General Washington and Lafayette, as the American forces established camp at Valley Forge, Pennsylvania, 20 miles to the north and west of British-held Philadelpia, on this day, December 19, 1777.

“But it must be remembered that these monuments of the past are only the form and not the substance of that which we would perpetuate. They are helps, they are reminders, but of themselves they will not suffice. It is necessary that there be in us a like spirit to that which was in the Virginians of the brave days which we seek to commemorate. There is but one way to demonstrate adherence to principles, that is by acting in accordance with them. It was not the Declaration which was proclaimed one hundred and forty-six years ago that gave America its independence. It was the action of the army in the field led by Washington and his generals. It was the support of that army by the people of the colonies. It was the sacrifice made by those who pledged their lives, their fortunes, and their sacred honor to this high purpose…

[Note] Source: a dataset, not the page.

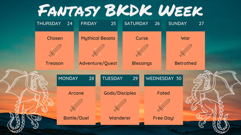 All forms of content are allowed (art / writing / etc.) and please tag us with #fantasybkdkweek so we can see and retweet it! We also have a collection on AO3 here.
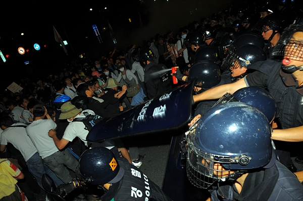 특히 1일 새벽 진압 과정에서 경찰의 군홧발에 여학생이 머리를 짓이기고 차이다 간신히 버스 밑으로 숨는 동영상과 물대포에 직사로 맞은 한 남학생이 그대로 꼬꾸라져 중상을 입는 영상이 TV와 인터넷을 통해 퍼지면서 시민들의 분노가 더욱 거세지고 있다. 지난 31~2일 새벽까지 기자가 목격한 모습들을 모아 봤다.

“…The world to-day is filled with a great impatience. Men are disdainful of the things that are and are credulously turning toward those who assert a change of institutions would somehow bring about an era of perfection. It is not a change that is needed in our Constitution and laws so much as there is need of living in accordance with them. The most fundamental precept of them all — the right to life, liberty, and the pursuit of happiness–has not yet been brought into universal application. It is not our institutions that have failed, it is our execution of them that has failed” — Calvin Coolidge, Fredericksburg, Virginia, July 6, 1922 (emphasis added).

Calvin Coolidge planting commemorative tree, 1922. Courtesy of the Library of Congress.

Calvin Coolidge planting commemorative tree, 1922. Courtesy of the Library of Congress.